Regarding the ground plane, using the corners extracted by intersecting the walls and the ground, a corresponding planar shape is built. The result is generally quadrilateral or polygonal so that a simple meshing can be used. This quadrangle or polygon is positioned at the same height as the ground. For the texture, an average color close to the color of the floor can be chosen as simply as the mean or the median color over all original data of ground. A synthetic texture based on the captured picture of the ground may also be used for increased realism. The partial texture of the ground from the captured picture can be employed to generate the complete but partially synthetic texture using a method of image inpainting. For instance, the quadrangle or polygon is partially mapped with the texture and its fronto-parallel view is synthesized to be used as the input of image inpainting. Then the inpainted image is used as the synthetic texture. A method of texture synthesis can also be employed to generate a new texture image from only a small sample of the captured picture of the ground, i.e. by stitching together small patches of this sample until obtaining the as large as desired texture. Alternatively, the synthetic texture can also come from an available floor texture database: for each texture map available in the database, a similarity measure is computed between sample patches of the original ground texture and sample patches of the texture from the database. Such a similarity measure can be based on a combination of color similarity (sum of square difference for example) and texture similarity (based on Gabor filters for example). The texture from the database with the highest similarity to the original ground texture is retained and cropped to match the desired size. This textured quadrangle or polygon is then used to replace the original reconstructed ground. With this definition of the ground plane, the holes possibly corresponding to non-observed regions and so remaining in the ground after the reconstruction process are no more existing and the ground is completely defined.

FIG. 8A illustrates an example of orthographic projection used for the rendering step 430 of the map generation process according to an embodiment. In a rendering framework, an orthographic camera (thus providing parallel projection) is placed vertically at a given altitude over the 3D textured meshes previously cleaned, the camera facing towards the ground floor. The scale factor is adjusted to get a top view showing the whole scene. This can be done thanks to the estimation of the corners. Indeed, since the reconstructed mesh comprises an object of known size (for example the frame mentioned above), it is possible to compute the real dimensions of the scene, and at least the distance between the corners of the scene. According to the desired dimensions of the map, the scale factor is then determined. In the example illustrated in the figure, the outer square 810 corresponds to the target image with a determined resolution, for example 512 by 512 pixels. The inner rectangle 801 is the top view of the scene as rendered by the camera. In this example embodiment, the scene origin (for example the frame mentioned above) and the center of the camera are aligned. The scale factor is then determined according to the largest distance from the center and in this example is equal to 1/c.

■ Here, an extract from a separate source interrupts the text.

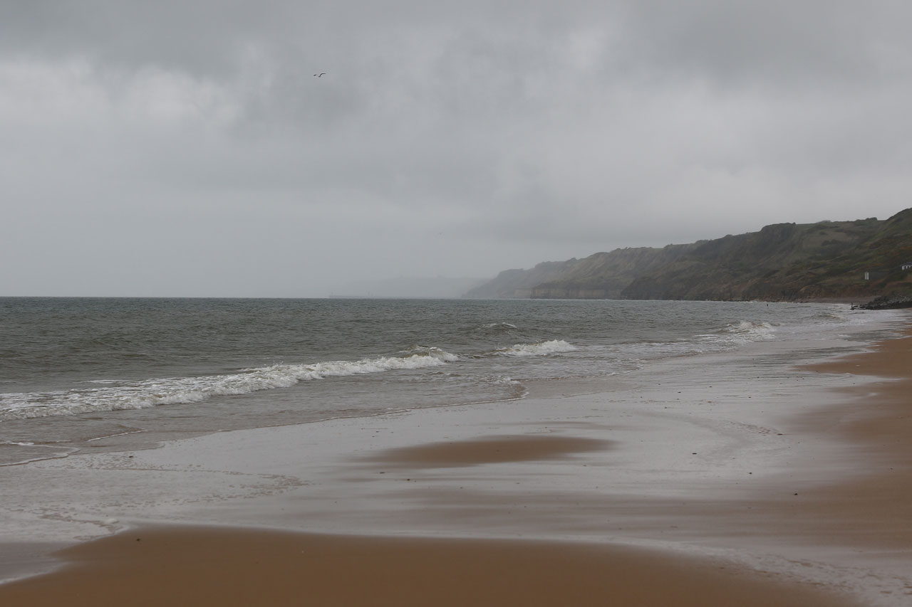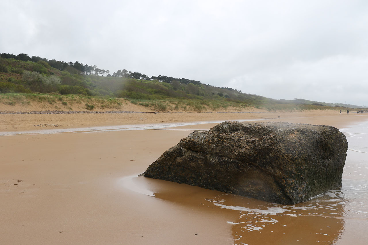 Après avoir traverser le cimetière, nous descendons sur la plage histoire de voir d’en bas ce que ça pouvait donner en débarquant là. M’est avis que les premiers à sortir des barges faisaient de jolies cibles et que sortir de l’eau en vie était déjà un miracle en soit. Alors traverser la plage en courant avec les fringues trempées et tout le barda sur le dos avec Gunther qui arrose à la mitrailleuse depuis son bunker… autant faire un foot sur le périph’ en heure de pointe. Mais ça, j’ai envie de dire que comparer à la pointe du Hoc, c’est presque facile.

The 3D textured mesh of the scene and the 3D textured mesh of the ground are rendered separately but using the exact same camera setup and thus generate two pictures: one for the scene and one for the ground. The result of the rendering is illustrated in FIGS. 10A to 10D: FIG. 10A shows a screenshot of the rendering of the 3D textured mesh of the scene, FIG. 10 B shows a screenshot of the rendering of the 3D textured mesh of the ground while FIGS. 10C and 10D are simplified drawing equivalents representing the screenshots.

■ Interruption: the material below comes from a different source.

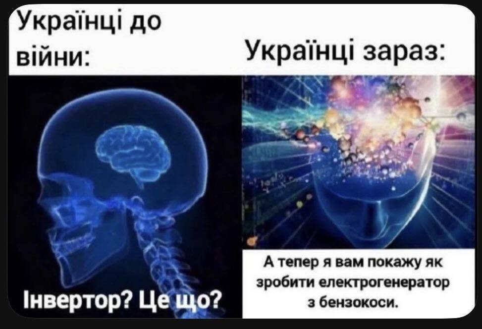 Украинцы приобрели новые навыки и знания, шутят в сети. До войны мало кто знал, что такое инвертор, а сейчас способны извлечь свет практически из чего угодно.

After this rendering, the obtained pictures are cropped according to the ground picture. The ground picture is used as a mask for cropping. In other words, the unused areas of the ground picture define minimal and maximal values in horizontal and vertical directions. The values are used as cropping limits for both the scene picture and the ground picture itself so that only the pixels inside these limits are kept in the resulting pictures. This corresponds to the first part of step 440 of the generation process. An example of result of this cropping is illustrated in FIGS. 11A to 11D.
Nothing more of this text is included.